After a few days, he went back to Marylebone.

The hypnotist shrugged and said, ‘Temporary. No problem.’

Over the next few weeks, Daniel sought out experts across London. They measured each foot and leg, tapped and weighed them, asked him to walk at different speeds, took X-rays and scans. Every doctor concluded the limp originated from his head. There was no asymmetry anywhere in his body, no trauma, tumour or inflammation.

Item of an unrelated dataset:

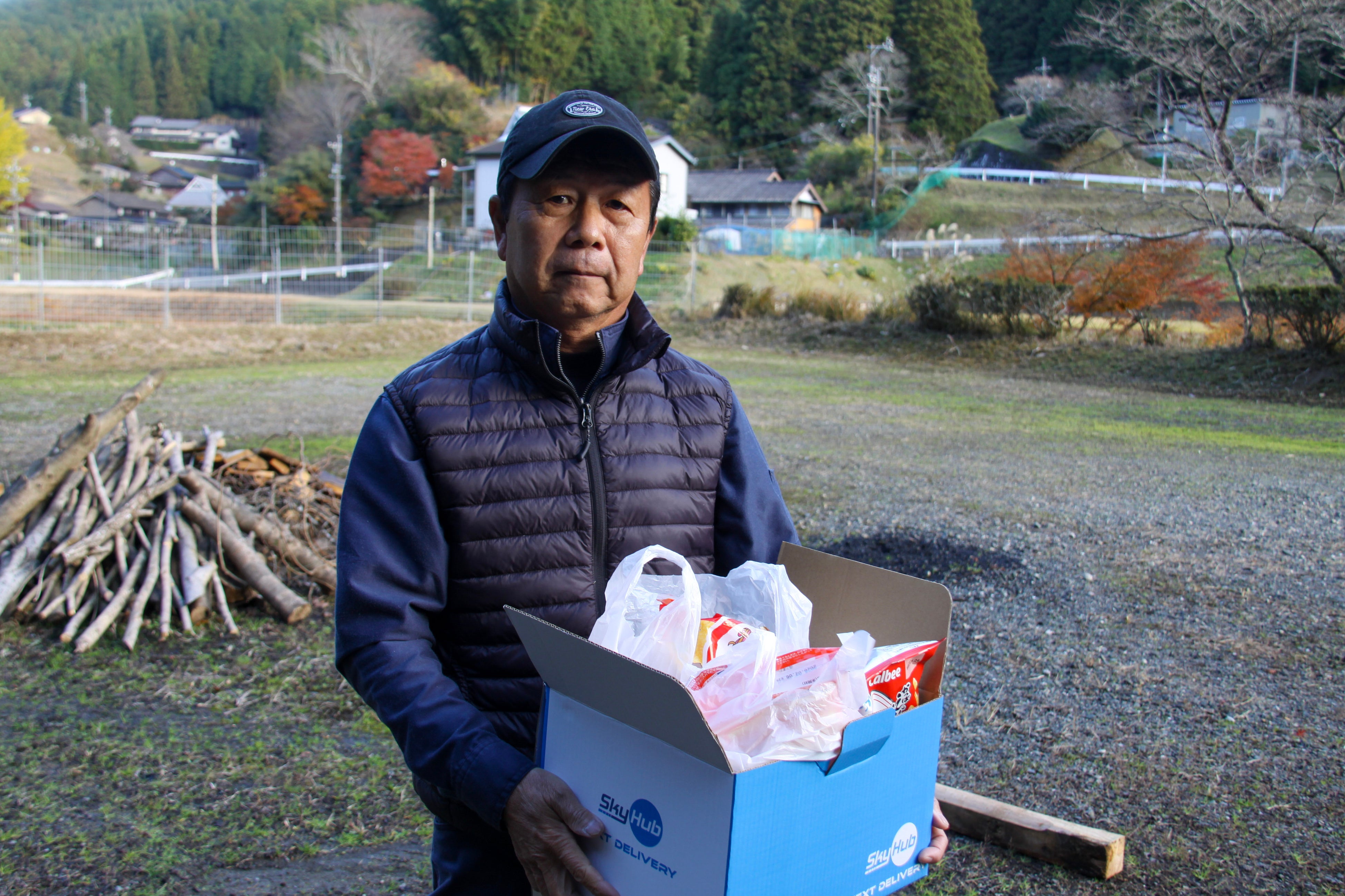 ドローンで配送されたAコープ注文品と宅配荷物(ダミー)を受け取った地域住民の竹下勝之さん

Whatever the truth, the limp was there to stay. His headaches were gone but in the rewiring, Daniel said, something else had come undone. He had traded in the headache for the limp and, when it came down to it, life was more tolerable with the limp. After his visit to the Hungarian, and to this day, he has never suffered another headache. But every deficit of his, he told me, everything he hated in himself, would be spelled out in that gap between his feet.

He returned to the Hungarian many times. At first the man kept saying,
No problem
, and then one day he was gone. A week later an Austrian dentist hung a sign, changed the doormat, and set up shop in the space.